For the year, Gulfstream reported a 2008 net loss of $14.8 million ($5.00 diluted loss per share), and a fourth quarter net loss of $5.9 million ($1.99 diluted loss per share). The net loss in 2008 was significantly affected by three non-cash charges totaling $11.5 million, the latter two of which also impacted the fourth quarter:
(1) a pre-tax $4.8 million non-recurring loss related to the sale of aircraft; (2) a goodwill impairment pre-tax charge of $2.7 million relating to the training academy; and (3) a deferred tax valuation allowance of $4.0 million.
Commenting on Gulfstream's 2008 operating results, David F. Hackett, President and Chief Executive Officer, stated, "2008 was a very challenging year for the airline industry and for Gulfstream, due primarily to the extraordinary increases in jet fuel prices and a weakening economy. In response to these challenges, we adopted an aggressive business plan early in the year to strengthen liquidity and improve profitability. As a result of capacity and cost reductions, as well as revenue improvement initiatives, Gulfstream returned to operating profitability in the fourth quarter of 2008. We believe we are now positioned to benefit from lower and more stable jet fuel prices; higher average fares and excess baggage fees; and improved cost efficiency. I would like to extend personal thanks to my co-workers whose hard work and dedication enabled us to overcome the challenges of the past year."
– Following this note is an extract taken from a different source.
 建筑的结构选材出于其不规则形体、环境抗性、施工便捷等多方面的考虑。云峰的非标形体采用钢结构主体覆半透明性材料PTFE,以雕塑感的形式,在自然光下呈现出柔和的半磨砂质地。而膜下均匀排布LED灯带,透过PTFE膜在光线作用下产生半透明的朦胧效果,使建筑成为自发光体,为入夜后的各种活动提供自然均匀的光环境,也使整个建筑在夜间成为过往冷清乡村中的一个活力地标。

In conjunction with the sale of the Embraer aircraft, Gulfstream also restructured its route network, reducing flight capacity (available seat miles) by 35-40% , and eliminating city pairs that were no longer profitable due to the extraordinary rise in jet fuel prices through July 2008. Aircraft were also redeployed to more profitable routes by initiating service in September 2008 between Continental Airline's Cleveland hub and five smaller cities in Pennsylvania, New York and West Virginia as a result of Essential Air Service routes awarded to Gulfstream by the Department of Transportation.
Unit operating cost (cost per available seat mile) remained higher than unit revenue (revenue per available seat mile) throughout most of 2008. The unprecedented rise in fuel prices in the first half of 2008 resulted in a 49.8% annual increase in fuel cost per available seat mile compared to 2007. In addition, the rate of overall cost reductions during the year lagged capacity-related revenue reductions, because of the complexities and inherent delays associated with introducing extensive schedule changes, implementing price increases and completing staff reductions and retraining procedures.
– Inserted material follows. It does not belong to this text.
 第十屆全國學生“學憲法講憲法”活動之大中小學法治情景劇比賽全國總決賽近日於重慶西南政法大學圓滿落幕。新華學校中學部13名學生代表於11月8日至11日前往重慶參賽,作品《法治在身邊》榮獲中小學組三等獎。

The following factors are expected to have a significant impact on Gulfstream's 2009 operating performance, similar to the year-over-year improvement in operating income achieved during the fourth quarter of 2008:
* After peaking in July 2008, the price of jet fuel declined dramatically during the second half of 2008. The price of jet fuel is now lower than it was a year ago; * The sale of the fleet of Embraer aircraft will result in lower engine maintenance costs in 2009; * Lift capacity was reduced (ASMs, or available seat miles) by 35-40% in October 2008 to enable balancing our capacity to reduced demand resulting from a rapidly declining economy; * Average ticket prices were increased and excess baggage fees were initiated; * Aircraft were redeployed to more profitable routes; and * Substantial structural and capacity-related cost reductions were implemented during 2008.
About Gulfstream International Group, Inc.
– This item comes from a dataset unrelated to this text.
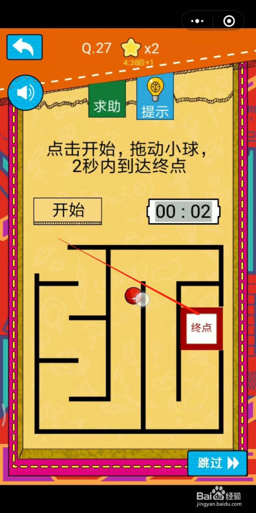 微信最壮大脑ol第27关攻略:点击起头,直接把小球移动到终点就可以,不消走迷宫

Gulfstream International Group, Inc. is a holding company that operates two independent subsidiaries: Gulfstream International Airlines, Inc. ("Gulfstream") and Gulfstream Training Academy, Inc. (the "Academy"). Gulfstream is a commercial airline currently operating more than 150 scheduled flights per day, serving nine destinations in Florida, ten destinations in the Bahamas, and five destinations from Continental Airline's Cleveland hub under the Department of Transportation's Essential Air Service Program. The Academy provides flight training services to licensed commercial pilots. For more information on the company, visit the company's website at http://www.gulfstreamair.com.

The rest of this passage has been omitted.